- _EXERCISE PROMPT_: Beneath this line are entries. Copy the range from the line with "- INSTR(대상 문자열, 찾는 문자열, 시작 위치, 순번)" to the line with "علبة من الذهب", ends included, exactly; leave pictures out.

- _EXERCISE DATA_:
* * *
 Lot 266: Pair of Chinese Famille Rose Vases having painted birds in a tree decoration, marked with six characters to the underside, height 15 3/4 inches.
* * *
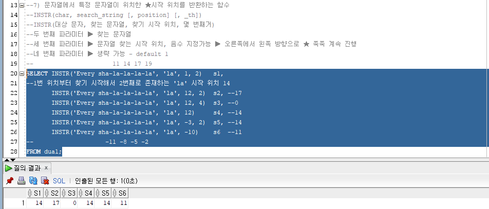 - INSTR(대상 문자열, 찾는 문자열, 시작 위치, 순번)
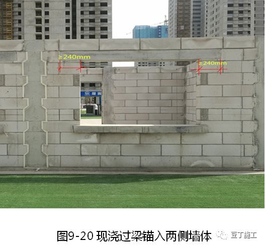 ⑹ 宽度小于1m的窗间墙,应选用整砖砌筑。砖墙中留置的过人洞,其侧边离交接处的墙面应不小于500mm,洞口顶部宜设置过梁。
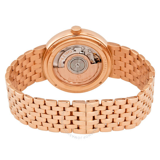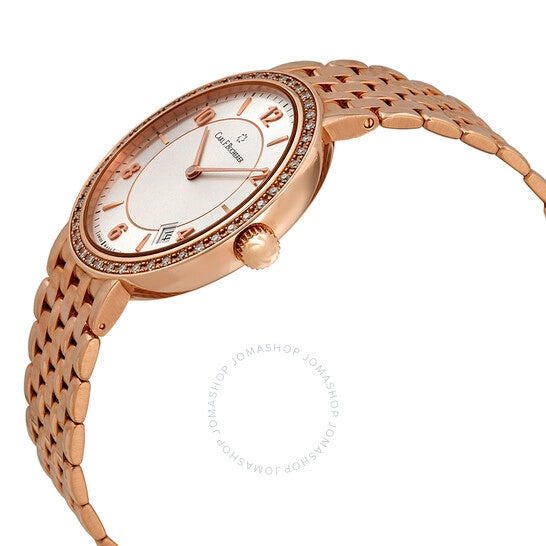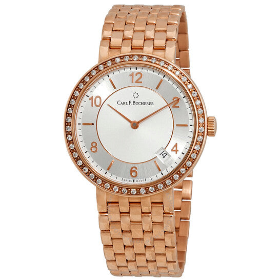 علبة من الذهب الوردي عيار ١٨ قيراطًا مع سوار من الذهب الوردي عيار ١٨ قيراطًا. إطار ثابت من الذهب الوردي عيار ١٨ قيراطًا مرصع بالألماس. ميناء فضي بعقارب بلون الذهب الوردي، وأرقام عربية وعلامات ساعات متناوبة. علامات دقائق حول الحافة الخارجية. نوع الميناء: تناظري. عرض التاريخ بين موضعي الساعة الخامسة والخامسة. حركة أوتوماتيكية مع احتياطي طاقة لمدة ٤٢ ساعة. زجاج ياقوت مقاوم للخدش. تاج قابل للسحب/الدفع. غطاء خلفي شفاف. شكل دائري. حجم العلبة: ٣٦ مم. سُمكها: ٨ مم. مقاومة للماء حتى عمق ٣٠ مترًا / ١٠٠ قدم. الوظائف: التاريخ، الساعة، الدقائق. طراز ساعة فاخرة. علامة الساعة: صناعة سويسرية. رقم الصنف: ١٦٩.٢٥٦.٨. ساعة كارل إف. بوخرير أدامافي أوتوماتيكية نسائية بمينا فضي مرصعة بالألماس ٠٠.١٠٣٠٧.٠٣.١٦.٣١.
* * *
- _REPLY TO THE TASK_:
 - INSTR(대상 문자열, 찾는 문자열, 시작 위치, 순번)
 ⑹ 宽度小于1m的窗间墙,应选用整砖砌筑。砖墙中留置的过人洞,其侧边离交接处的墙面应不小于500mm,洞口顶部宜设置过梁。
 علبة من الذهب الوردي عيار ١٨ قيراطًا مع سوار من الذهب الوردي عيار ١٨ قيراطًا. إطار ثابت من الذهب الوردي عيار ١٨ قيراطًا مرصع بالألماس. ميناء فضي بعقارب بلون الذهب الوردي، وأرقام عربية وعلامات ساعات متناوبة. علامات دقائق حول الحافة الخارجية. نوع الميناء: تناظري. عرض التاريخ بين موضعي الساعة الخامسة والخامسة. حركة أوتوماتيكية مع احتياطي طاقة لمدة ٤٢ ساعة. زجاج ياقوت مقاوم للخدش. تاج قابل للسحب/الدفع. غطاء خلفي شفاف. شكل دائري. حجم العلبة: ٣٦ مم. سُمكها: ٨ مم. مقاومة للماء حتى عمق ٣٠ مترًا / ١٠٠ قدم. الوظائف: التاريخ، الساعة، الدقائق. طراز ساعة فاخرة. علامة الساعة: صناعة سويسرية. رقم الصنف: ١٦٩.٢٥٦.٨. ساعة كارل إف. بوخرير أدامافي أوتوماتيكية نسائية بمينا فضي مرصعة بالألماس ٠٠.١٠٣٠٧.٠٣.١٦.٣١.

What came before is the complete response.